_EXERCISE DETAILS_
Please retype the records below exactly as they appear, leaving out every picture.

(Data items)
---*---

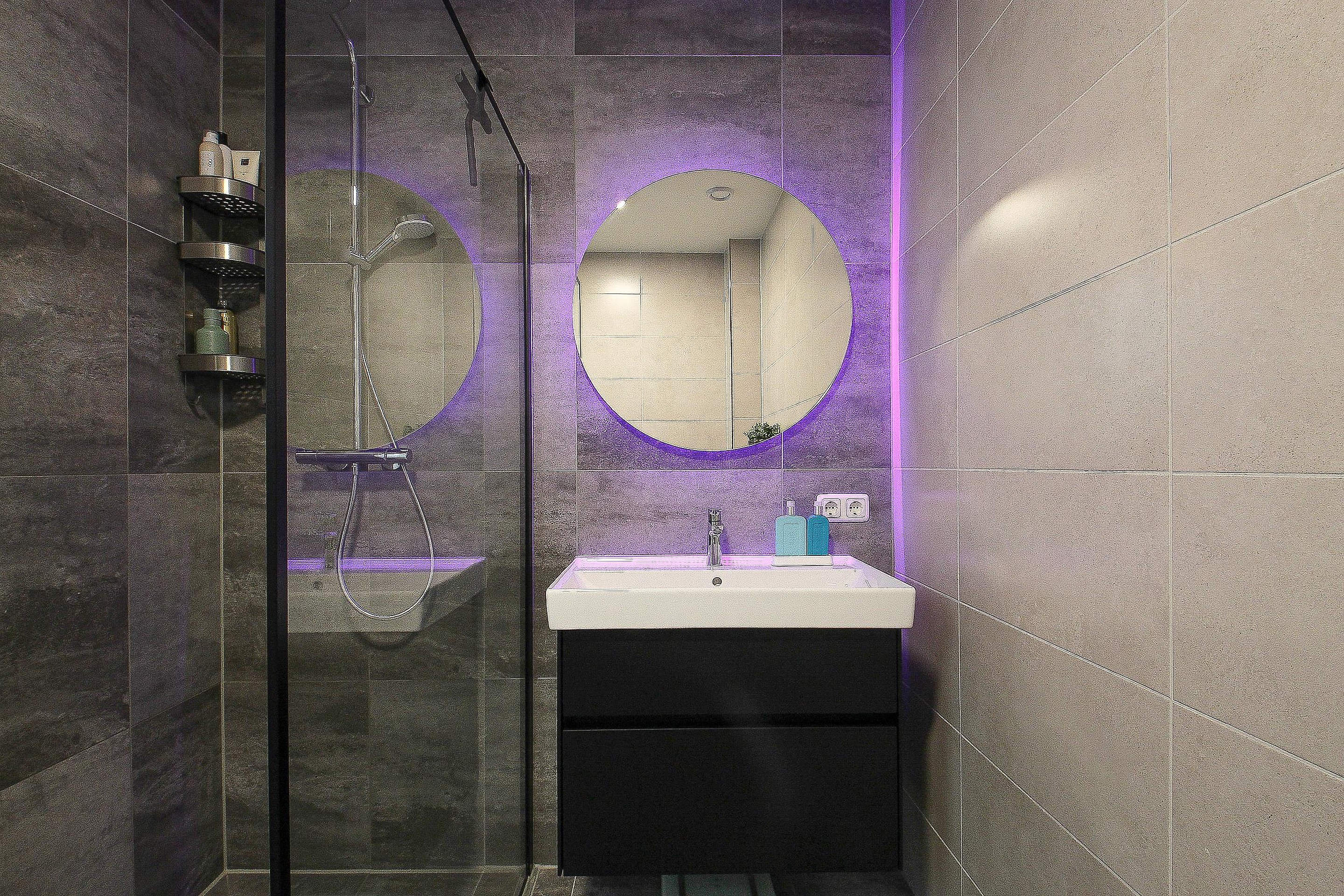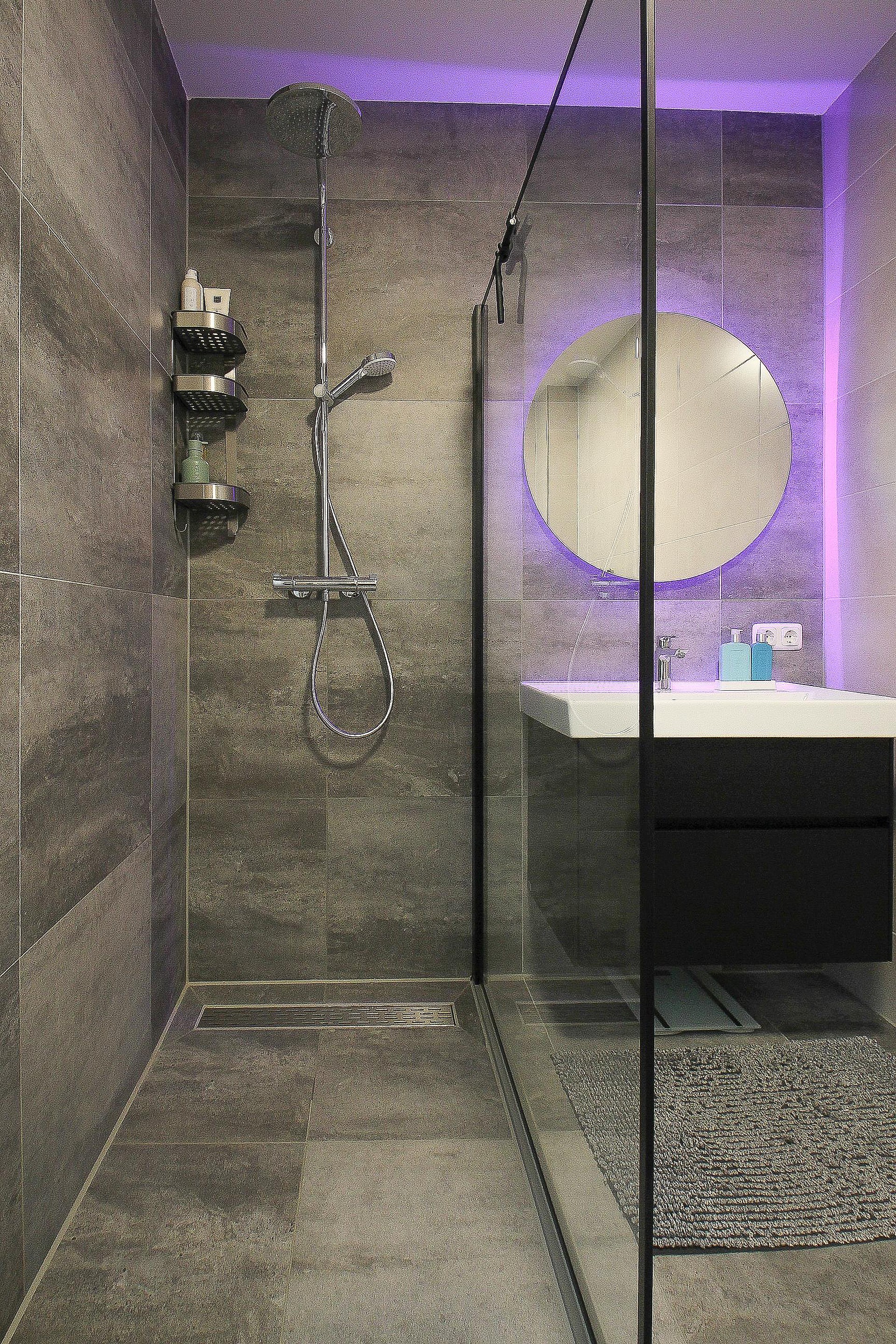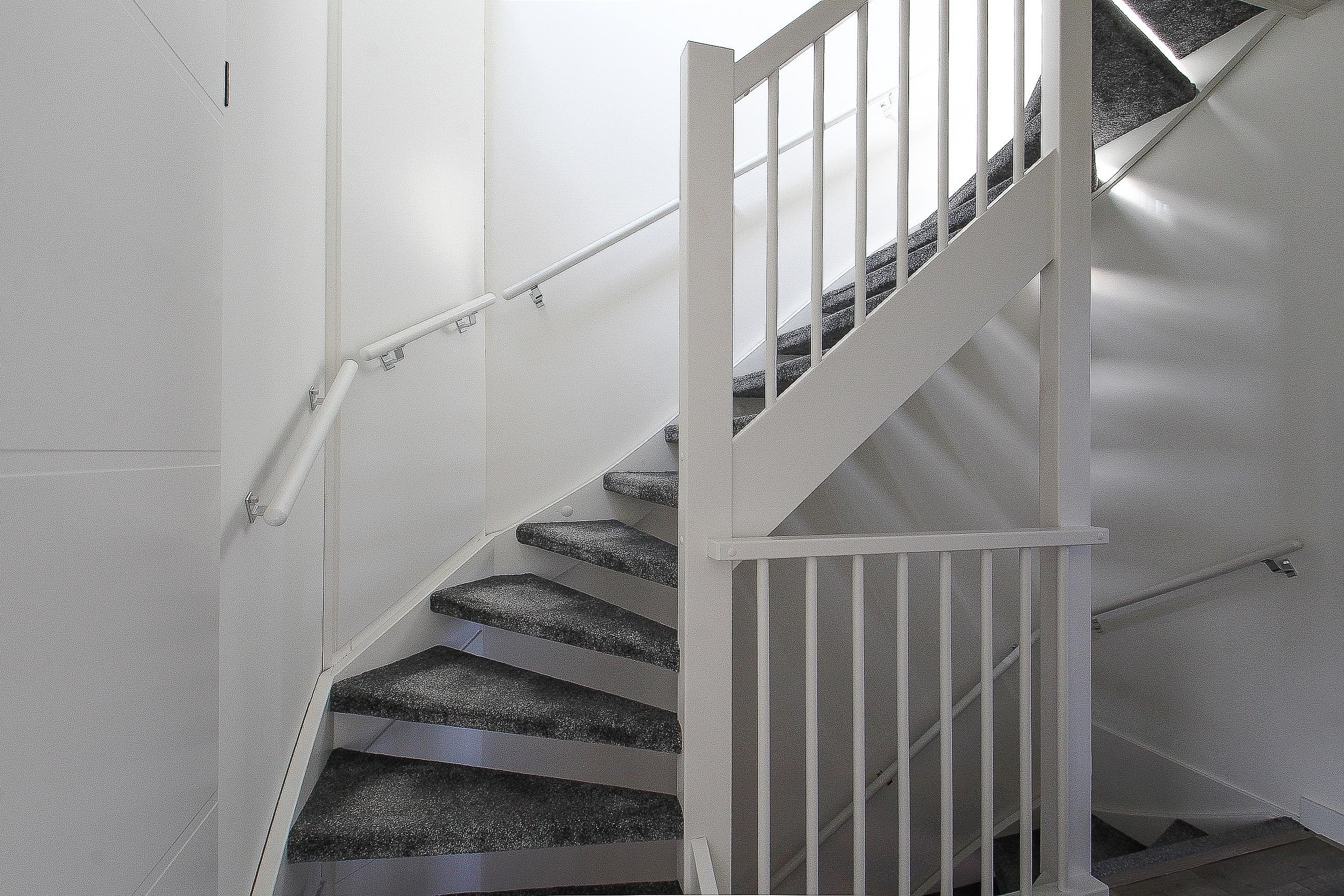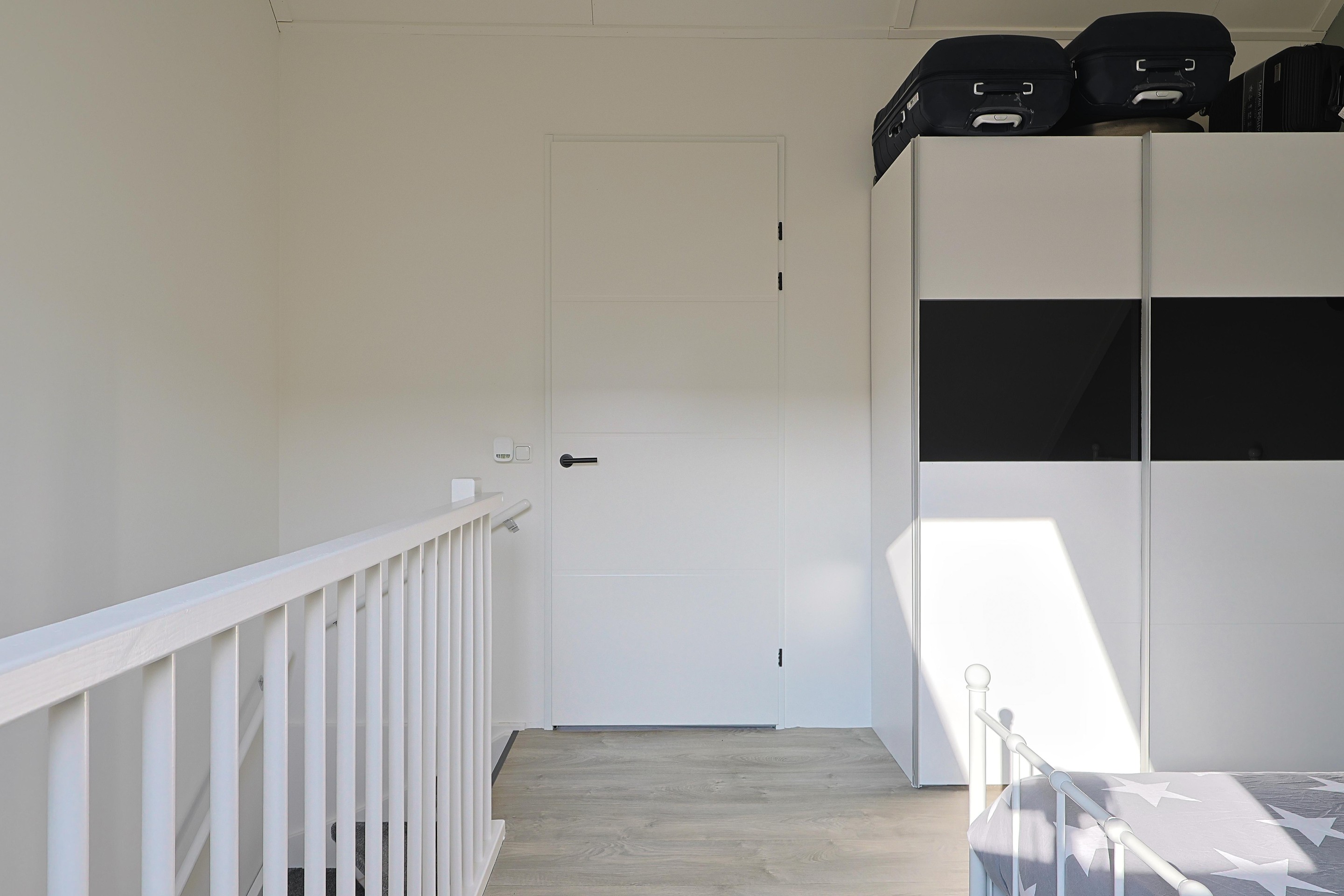 Eerste verdieping Overloop, drie slaapkamers en een moderne badkamer met design radiator, hangcloset, wastafel in meubel en comfortabele inloopdouche.
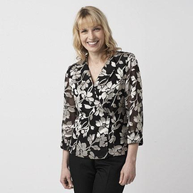 A versatile piece that can be paired with a skirt or pants! 66% polyester, 34% rayon Cuffed sleeves Flip collar Overlap side satin button closure Body is lined with black woven lining Printed satin jacquard burnout fabric Dry clean
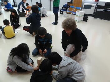 遠藤潔校長先生が私たちの訪問を温かく迎えてくださった後、大教室に入ると、そこには26人の児童が床に並んで座っていました。訪問日の2014年3月20日は同小学校卒業式の翌日であったため、1~5年生のほぼ全員が参加していました。
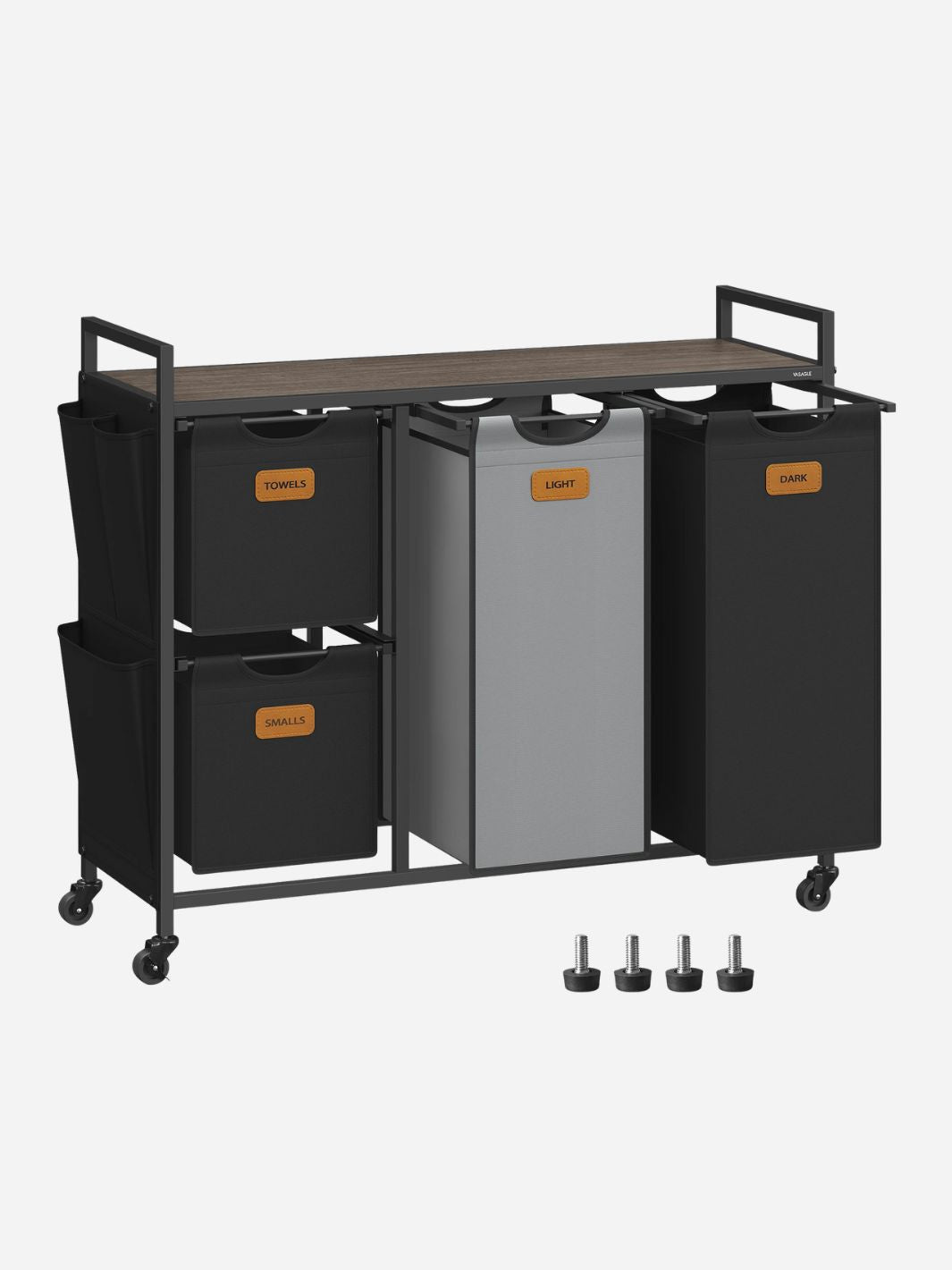 Conçue avec des tubes en acier renforcé de 1,5 × 1,5 cm et un plateau supérieur en aggloméré solide, cette panière supporte jusqu’à 48 kg. Sa surface supérieure est idéale pour poser vos produits de lessive, un panier à linge complémentaire ou des cintres en bois pour préparer vos vêtements propres.
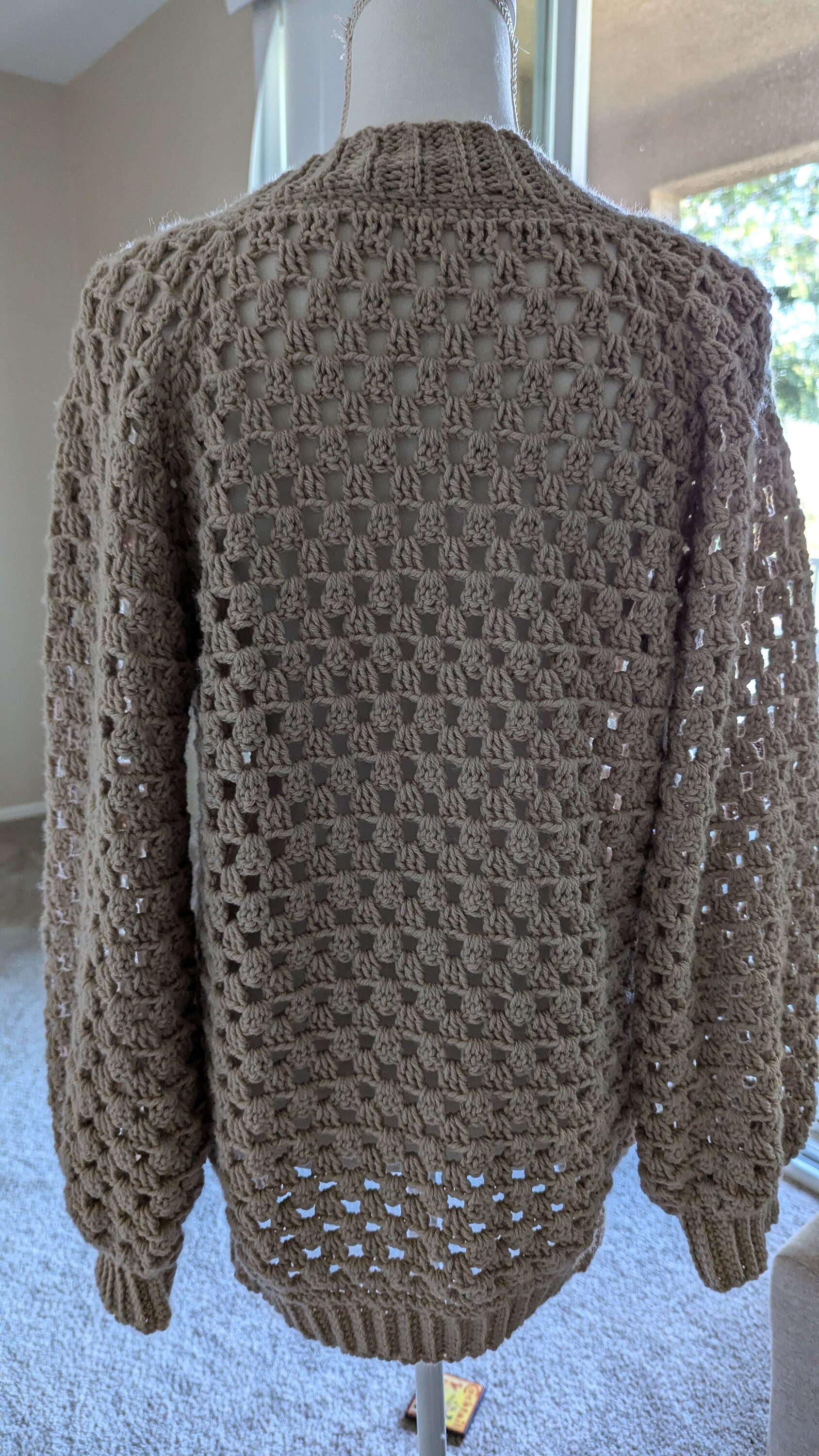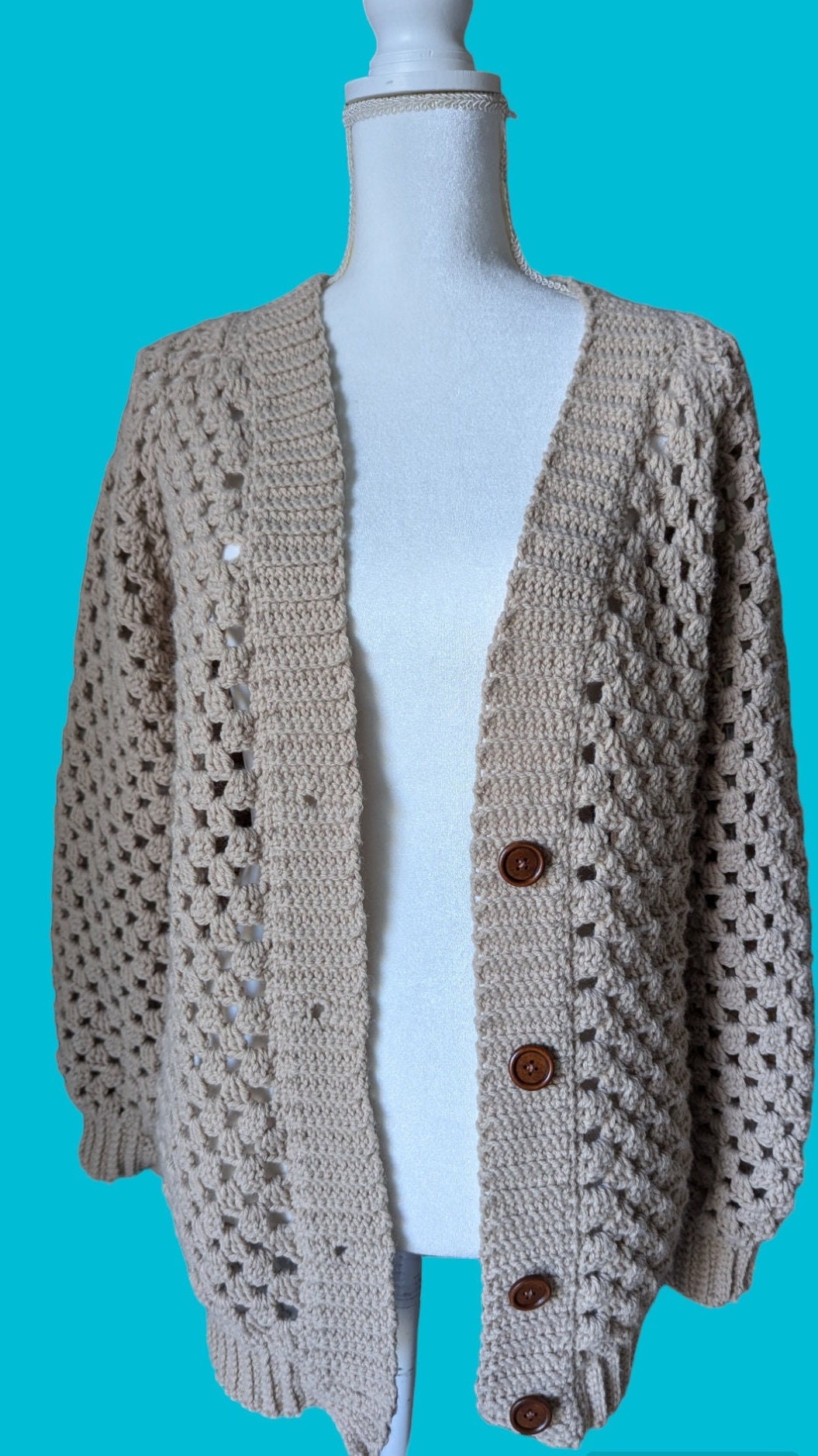 This handmade crochet cardigan features a cozy, open-knit pattern that creates a textured and airy design. It is crafted in a neutral beige yarn, making it versatile and easy to pair with various outfits. The cardigan includes a ribbed collar and cuffs for a snug fit, and it is secured with three wooden buttons down the front. The sleeves and body have a lacy, openwork pattern that adds both visual interest and breathability. This piece is perfect for layering in cooler weather, providing both warmth and style.
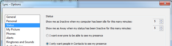 In the Lync 2010 client options, we see there are no options to prevent anybody from seeing our presence if they are not on our contact list.
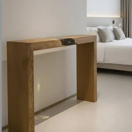 Integrating a console into your home is an opportunity to change your decorating habits and play on the Mix and Match trend. This console is made of 100% solid oak, from the most beautiful forest areas in Franche-Comté. Its raw and textured appearance and an aged finish give it character and warmth. The top is torn across the width, thus revealing the defibrated wood embedded in the transparent resin, a unique manufacturing process. This piece was entirely made in our workshop in accordance with tradition.

---*---

_SOLUTION_
 Eerste verdieping Overloop, drie slaapkamers en een moderne badkamer met design radiator, hangcloset, wastafel in meubel en comfortabele inloopdouche.
 A versatile piece that can be paired with a skirt or pants! 66% polyester, 34% rayon Cuffed sleeves Flip collar Overlap side satin button closure Body is lined with black woven lining Printed satin jacquard burnout fabric Dry clean
 遠藤潔校長先生が私たちの訪問を温かく迎えてくださった後、大教室に入ると、そこには26人の児童が床に並んで座っていました。訪問日の2014年3月20日は同小学校卒業式の翌日であったため、1~5年生のほぼ全員が参加していました。
 Conçue avec des tubes en acier renforcé de 1,5 × 1,5 cm et un plateau supérieur en aggloméré solide, cette panière supporte jusqu’à 48 kg. Sa surface supérieure est idéale pour poser vos produits de lessive, un panier à linge complémentaire ou des cintres en bois pour préparer vos vêtements propres.
 This handmade crochet cardigan features a cozy, open-knit pattern that creates a textured and airy design. It is crafted in a neutral beige yarn, making it versatile and easy to pair with various outfits. The cardigan includes a ribbed collar and cuffs for a snug fit, and it is secured with three wooden buttons down the front. The sleeves and body have a lacy, openwork pattern that adds both visual interest and breathability. This piece is perfect for layering in cooler weather, providing both warmth and style.
 In the Lync 2010 client options, we see there are no options to prevent anybody from seeing our presence if they are not on our contact list.
 Integrating a console into your home is an opportunity to change your decorating habits and play on the Mix and Match trend. This console is made of 100% solid oak, from the most beautiful forest areas in Franche-Comté. Its raw and textured appearance and an aged finish give it character and warmth. The top is torn across the width, thus revealing the defibrated wood embedded in the transparent resin, a unique manufacturing process. This piece was entirely made in our workshop in accordance with tradition.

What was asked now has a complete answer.